→ **Exercise prompt**
Every line from the one with "Farby plakatowe 12" through the last line below should be repeated exactly; pictures stay out of the copy.

→ **Data block**
--

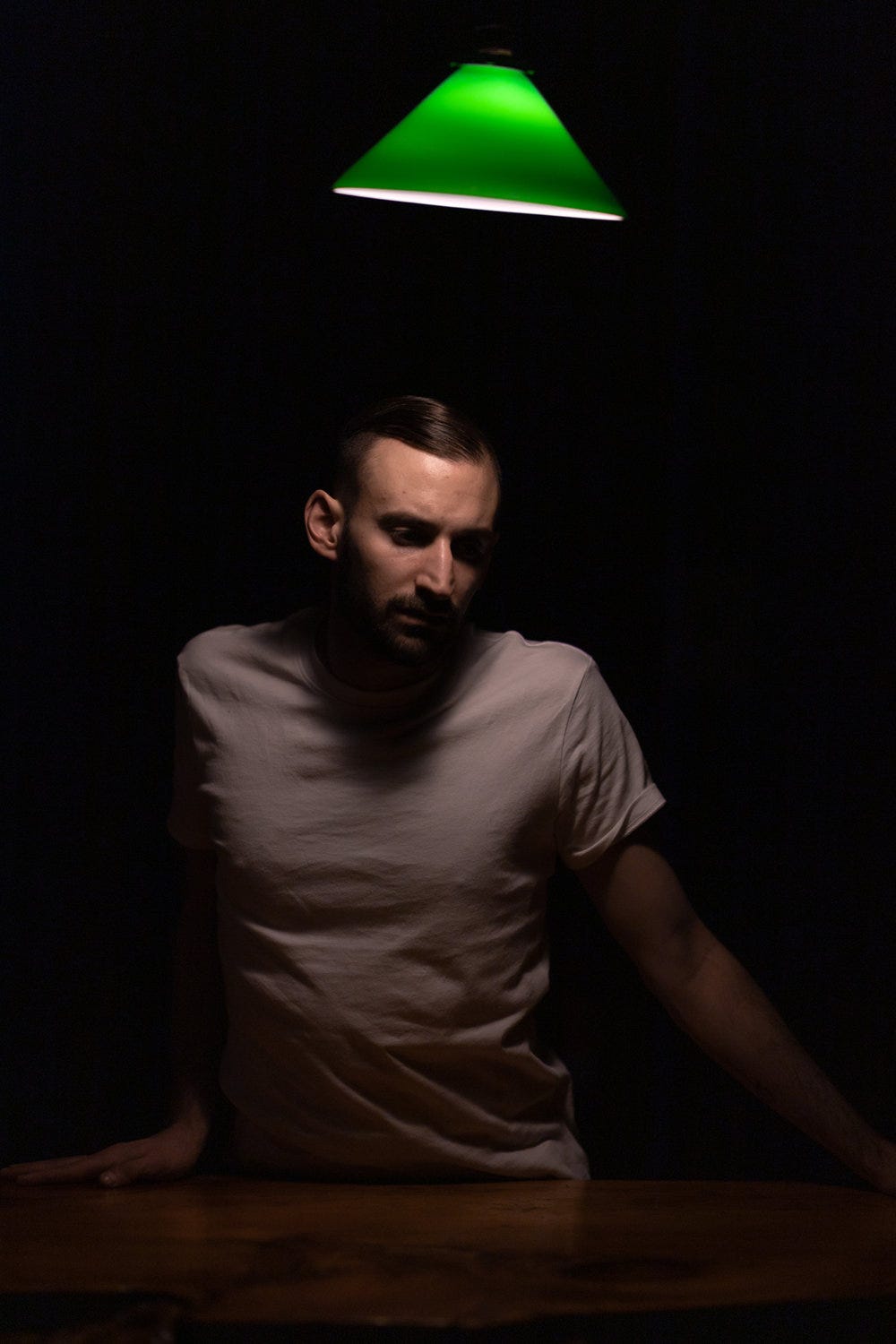 The venue itself, Arts on Site, contributes to the haunting atmosphere of the piece but also competes for status as the star of the show. This apartment looks more like a film set than a real habitat, thanks to its exposed brick walls and tall windows with back-lit greenery, and a monumental wooden bar counter, all enhanced by dramatic dim lighting. The setting looks like an eccentric man-cave with a 70’s vibe, which doesn’t entirely feel like it “belongs” to our characters. The duo floats in and out of the space, figuratively speaking. About half the time, their dance has a clear orientation towards one side of the room, making the experience very proscenium-like. These moments where the site isn’t engaged make me think of the venue as being arbitrarily chosen. On the contrary, some of the most beautiful choreography bits are the ones that actually use the features of the space, like a sequence that happens on the bar itself. The massive wooden bar counter becomes a “stage.” The lighting fixtures hanging above it frame the action and create an eerie lighting effect when brought into motion. The interior and the choreography finally become one. Unfortunately only about half of the scenes incorporate the environment in a meaningful or aesthetically interesting way.
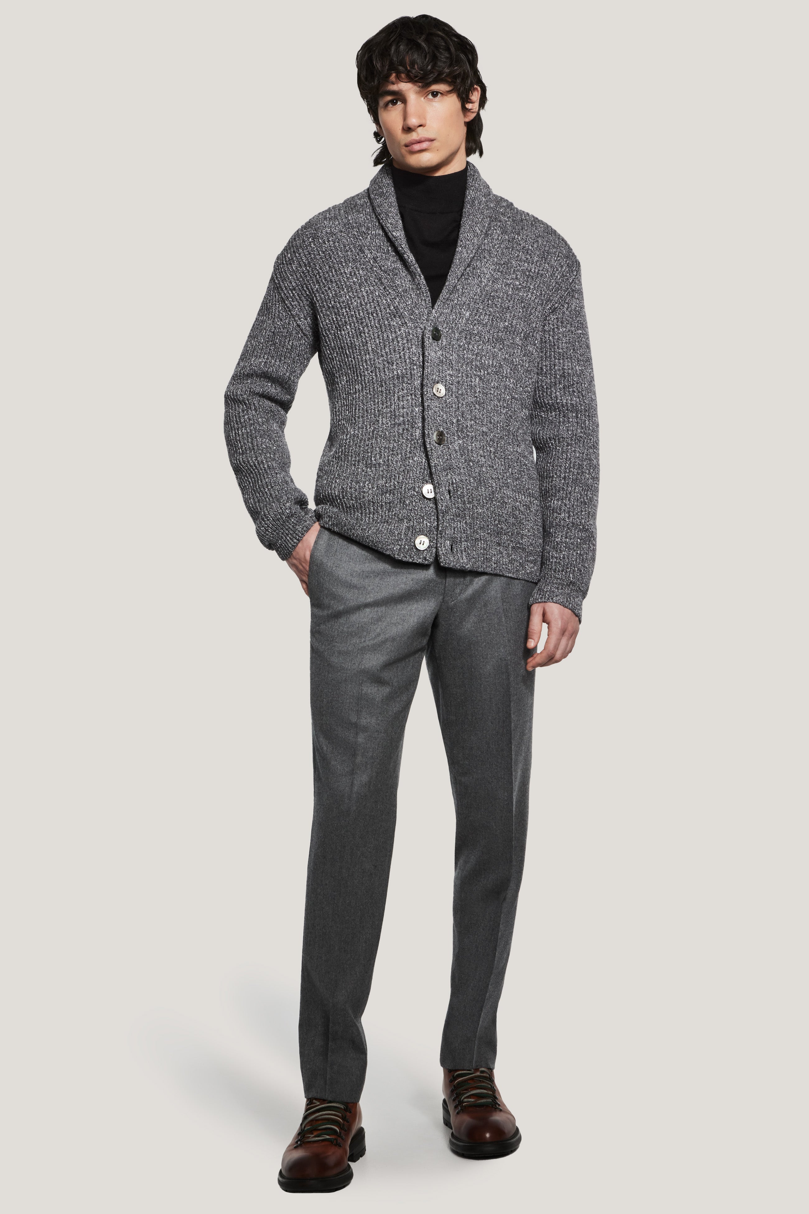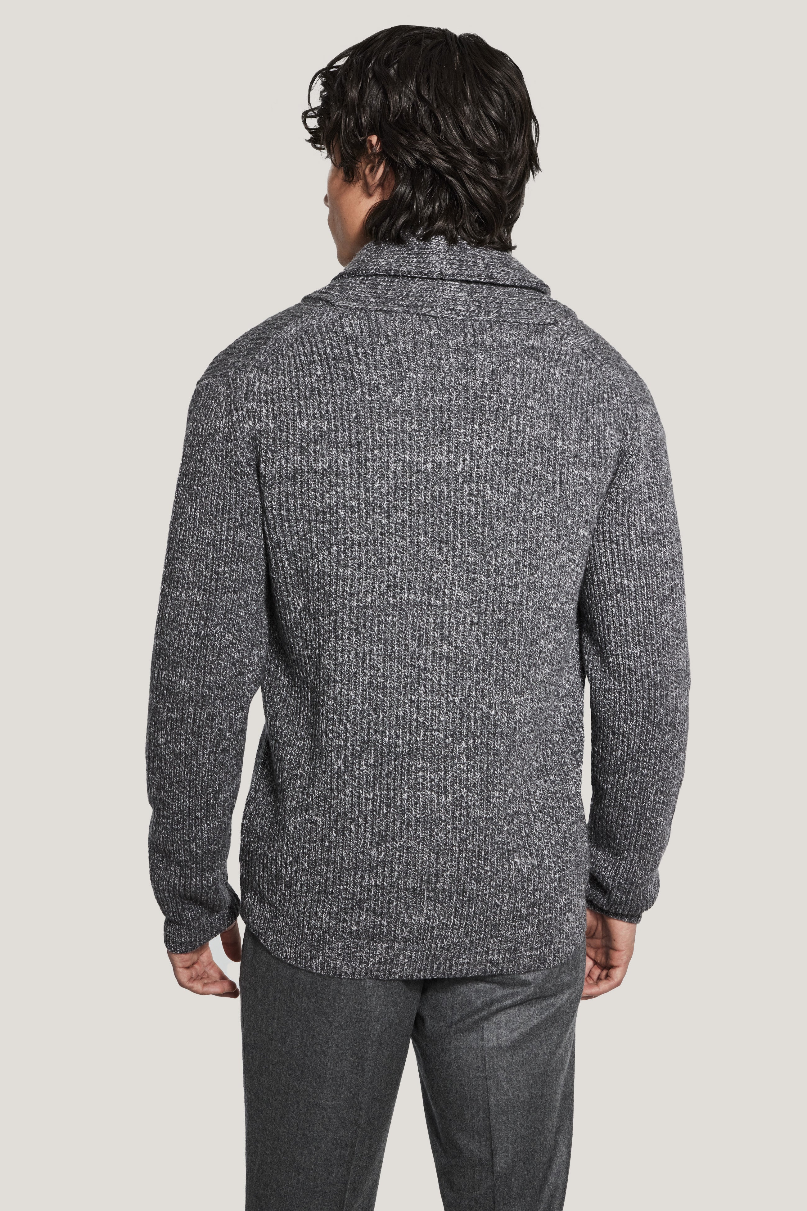 This shawl collar knit cardigan is crafted from a luxurious wool-silk blend, offering a soft, refined feel with a touch of elegance. Featuring distinctive horn buttons and a fully fashioned saddle shoulder, it provides a tailored fit with exceptional craftsmanship. The shawl collar adds a cozy, sophisticated detail, making this cardigan a versatile, stylish addition to any wardrobe.
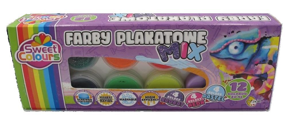 Farby plakatowe 12 kolorów: 4 neon, 4 pastel, 4 brokat.
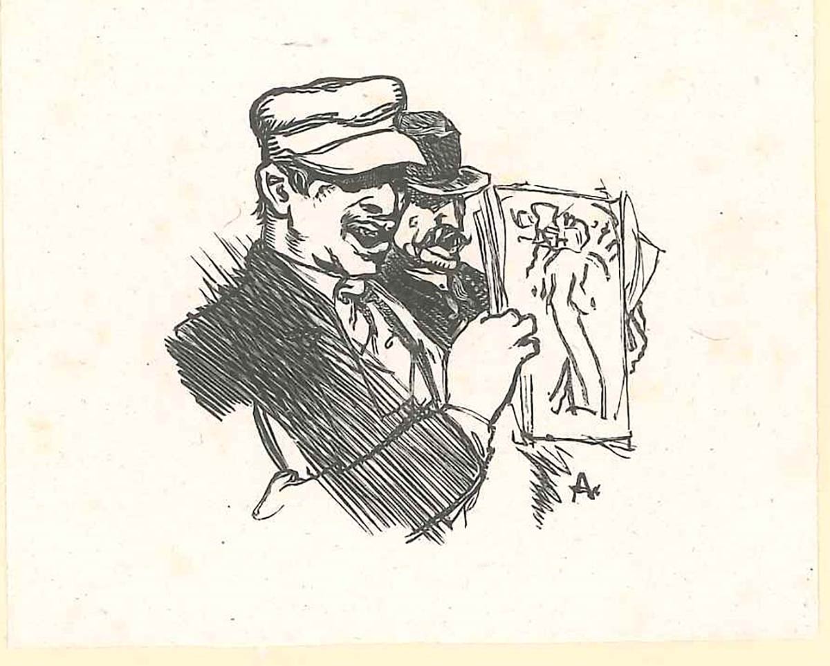 Due uomini con un'illustrazione, XIX secolo

--

→ **Answer for the task**
 Farby plakatowe 12 kolorów: 4 neon, 4 pastel, 4 brokat.
 Due uomini con un'illustrazione, XIX secolo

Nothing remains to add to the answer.